- **STORED DATA**:
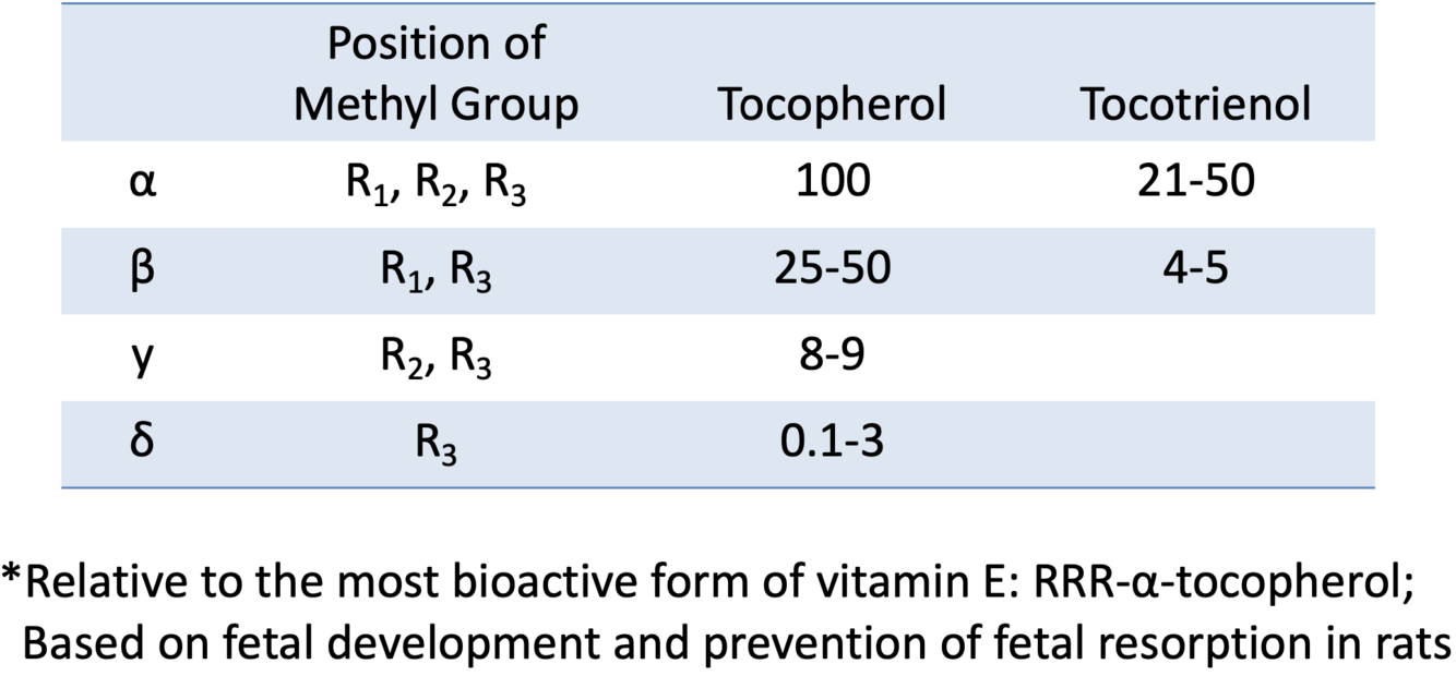 Structure and Activity of Naturally- Occurring forms of Vitamin E
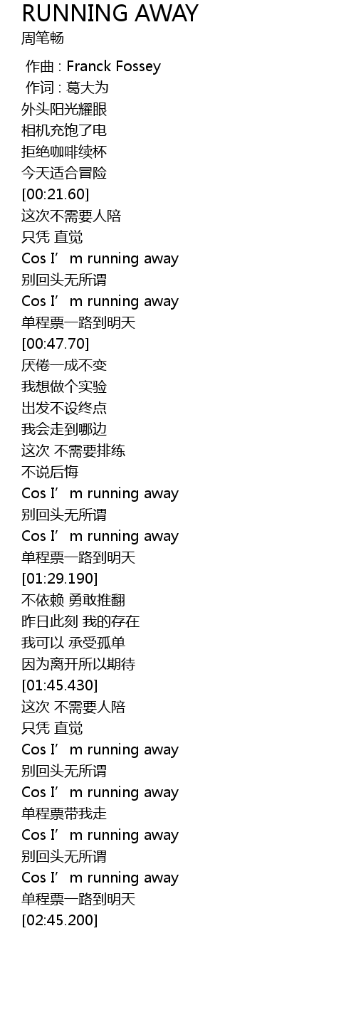 | [02:18.440] | Cos I’m running away |
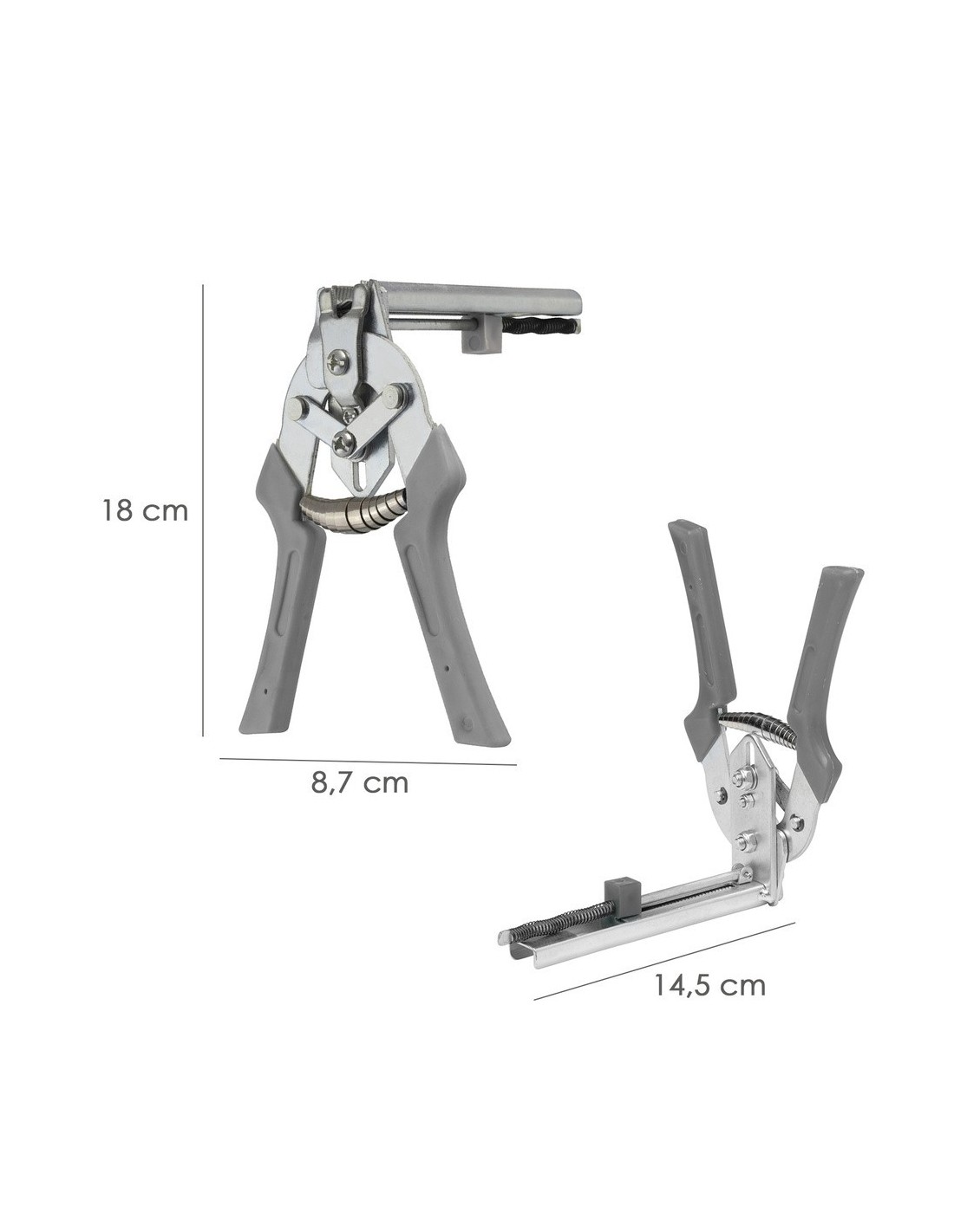 - Tamaño del Alicate: Diseñado para ser manejable pero fuerte, con una longitud total de 30 cm y una abertura de hasta 25 mm. Esto permite grapar fácilmente alambre y otros materiales flexibles sin sacrificar la precisión.

- **REQUIREMENT**: Write out the data word for word. Any picture is to be skipped.

- **REPLY**:
 Structure and Activity of Naturally- Occurring forms of Vitamin E
 | [02:18.440] | Cos I’m running away |
 - Tamaño del Alicate: Diseñado para ser manejable pero fuerte, con una longitud total de 30 cm y una abertura de hasta 25 mm. Esto permite grapar fácilmente alambre y otros materiales flexibles sin sacrificar la precisión.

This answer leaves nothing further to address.